WHAT THE EXERCISE ASKS –
Produce an exact copy of all the data below, dropping every image.

GIVEN INFORMATION –
##########
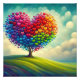 This enchanting image features a vibrant tree with leaves composed of heart shapes in a rainbow of colors, symbolizing the diversity and unity of love. Set against a whimsical backdrop of swirl-patterned skies, the heart leaves transition through a spectrum from cool blues to warm reds, creating a visual representation of a love that grows and changes. This artwork brings a touch of romance and color to any space, making it perfect for gifts or decor that celebrates love in all its forms
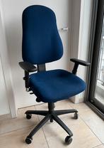 Ergonomische bureaustoel, blauwe kleur. -Armleuningen 3 d: in hoogte en breedte verstelbaar, naar voor en achter. -Rugleuning (h 6
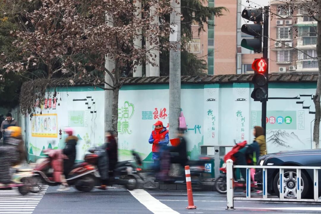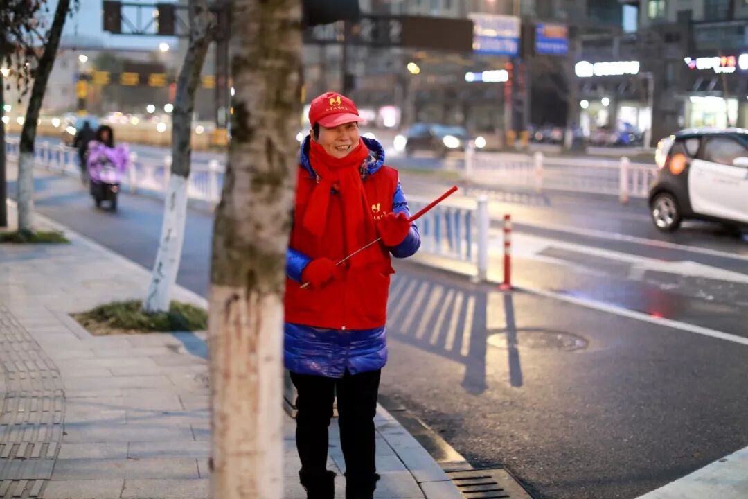 记者通过江干区笕桥街道找到了这位大姐,她叫曹云妹,64岁,环站北路新风路口的文明劝导员。
##########
EXPECTED OUTPUT –
 This enchanting image features a vibrant tree with leaves composed of heart shapes in a rainbow of colors, symbolizing the diversity and unity of love. Set against a whimsical backdrop of swirl-patterned skies, the heart leaves transition through a spectrum from cool blues to warm reds, creating a visual representation of a love that grows and changes. This artwork brings a touch of romance and color to any space, making it perfect for gifts or decor that celebrates love in all its forms
 Ergonomische bureaustoel, blauwe kleur. -Armleuningen 3 d: in hoogte en breedte verstelbaar, naar voor en achter. -Rugleuning (h 6
 记者通过江干区笕桥街道找到了这位大姐,她叫曹云妹,64岁,环站北路新风路口的文明劝导员。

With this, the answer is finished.